Top of Exercise material
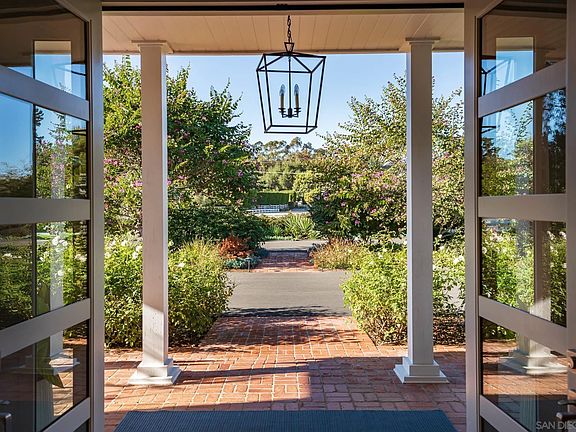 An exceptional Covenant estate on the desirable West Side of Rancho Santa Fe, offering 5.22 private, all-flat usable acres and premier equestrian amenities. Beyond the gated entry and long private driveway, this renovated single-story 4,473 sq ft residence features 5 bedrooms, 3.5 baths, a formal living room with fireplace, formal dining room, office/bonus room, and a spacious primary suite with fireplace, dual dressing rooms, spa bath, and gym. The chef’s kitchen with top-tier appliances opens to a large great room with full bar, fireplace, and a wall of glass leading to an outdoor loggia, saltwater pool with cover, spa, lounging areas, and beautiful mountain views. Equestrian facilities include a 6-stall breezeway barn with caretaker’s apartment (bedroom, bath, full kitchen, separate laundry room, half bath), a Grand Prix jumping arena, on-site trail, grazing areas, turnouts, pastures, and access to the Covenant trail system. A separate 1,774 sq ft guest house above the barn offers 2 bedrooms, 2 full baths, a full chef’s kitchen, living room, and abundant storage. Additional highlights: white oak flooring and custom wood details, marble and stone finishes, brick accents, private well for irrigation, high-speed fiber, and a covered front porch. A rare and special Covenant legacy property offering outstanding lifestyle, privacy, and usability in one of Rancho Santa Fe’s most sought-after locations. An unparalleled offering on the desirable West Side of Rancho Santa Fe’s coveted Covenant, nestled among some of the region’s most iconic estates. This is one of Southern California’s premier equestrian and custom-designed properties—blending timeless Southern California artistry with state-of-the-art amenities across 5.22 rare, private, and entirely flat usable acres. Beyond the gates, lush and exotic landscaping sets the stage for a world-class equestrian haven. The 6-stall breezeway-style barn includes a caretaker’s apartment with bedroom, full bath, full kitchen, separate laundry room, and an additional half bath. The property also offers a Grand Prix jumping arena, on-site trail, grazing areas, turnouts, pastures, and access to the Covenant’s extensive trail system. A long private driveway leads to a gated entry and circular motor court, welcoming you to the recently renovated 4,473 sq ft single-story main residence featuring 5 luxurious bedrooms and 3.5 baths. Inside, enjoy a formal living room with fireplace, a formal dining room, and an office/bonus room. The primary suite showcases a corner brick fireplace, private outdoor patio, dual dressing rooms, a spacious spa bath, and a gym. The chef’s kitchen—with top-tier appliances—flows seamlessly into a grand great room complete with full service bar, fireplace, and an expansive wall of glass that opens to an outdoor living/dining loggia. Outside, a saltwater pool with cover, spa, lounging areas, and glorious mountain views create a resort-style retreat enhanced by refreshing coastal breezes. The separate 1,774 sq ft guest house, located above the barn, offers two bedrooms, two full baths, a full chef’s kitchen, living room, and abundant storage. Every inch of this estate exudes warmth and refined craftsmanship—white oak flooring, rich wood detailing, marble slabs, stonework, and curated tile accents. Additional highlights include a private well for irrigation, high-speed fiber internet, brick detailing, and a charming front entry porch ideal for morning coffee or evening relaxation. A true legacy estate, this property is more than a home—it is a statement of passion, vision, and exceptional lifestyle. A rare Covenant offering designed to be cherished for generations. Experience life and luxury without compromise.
Bottom of Exercise material
Top of Exercise material
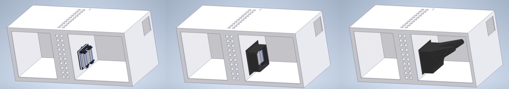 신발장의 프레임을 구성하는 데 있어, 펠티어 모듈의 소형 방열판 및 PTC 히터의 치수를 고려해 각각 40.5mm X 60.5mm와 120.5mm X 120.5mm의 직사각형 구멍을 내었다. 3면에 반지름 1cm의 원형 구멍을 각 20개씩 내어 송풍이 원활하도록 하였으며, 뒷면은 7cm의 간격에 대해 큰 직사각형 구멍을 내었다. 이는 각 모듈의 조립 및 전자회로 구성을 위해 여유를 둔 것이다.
Bottom of Exercise material
Top of Exercise material
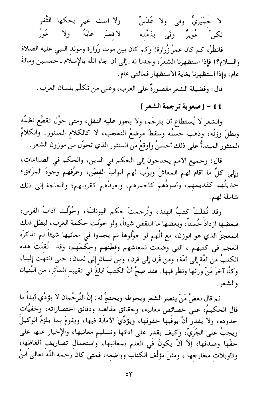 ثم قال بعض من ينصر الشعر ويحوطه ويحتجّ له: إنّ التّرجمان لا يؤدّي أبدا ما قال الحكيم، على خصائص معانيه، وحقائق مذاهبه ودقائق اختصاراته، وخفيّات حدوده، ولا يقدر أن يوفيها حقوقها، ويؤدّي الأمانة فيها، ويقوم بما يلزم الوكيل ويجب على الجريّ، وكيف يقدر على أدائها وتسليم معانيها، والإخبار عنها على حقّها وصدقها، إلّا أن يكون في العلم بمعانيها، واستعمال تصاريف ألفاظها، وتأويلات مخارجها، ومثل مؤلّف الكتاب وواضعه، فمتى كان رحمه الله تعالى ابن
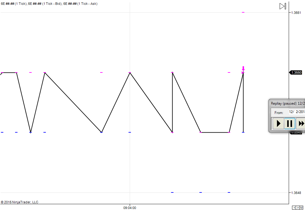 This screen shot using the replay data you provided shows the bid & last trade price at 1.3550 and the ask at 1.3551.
Bottom of Exercise material
[What you should do]: Please output, exactly as written, the lines above from the one holding "ثم قال بعض من" through the one holding "This screen shot", both included, with the pictures omitted.

[Solution for this exercise]:
 ثم قال بعض من ينصر الشعر ويحوطه ويحتجّ له: إنّ التّرجمان لا يؤدّي أبدا ما قال الحكيم، على خصائص معانيه، وحقائق مذاهبه ودقائق اختصاراته، وخفيّات حدوده، ولا يقدر أن يوفيها حقوقها، ويؤدّي الأمانة فيها، ويقوم بما يلزم الوكيل ويجب على الجريّ، وكيف يقدر على أدائها وتسليم معانيها، والإخبار عنها على حقّها وصدقها، إلّا أن يكون في العلم بمعانيها، واستعمال تصاريف ألفاظها، وتأويلات مخارجها، ومثل مؤلّف الكتاب وواضعه، فمتى كان رحمه الله تعالى ابن
 This screen shot using the replay data you provided shows the bid & last trade price at 1.3550 and the ask at 1.3551.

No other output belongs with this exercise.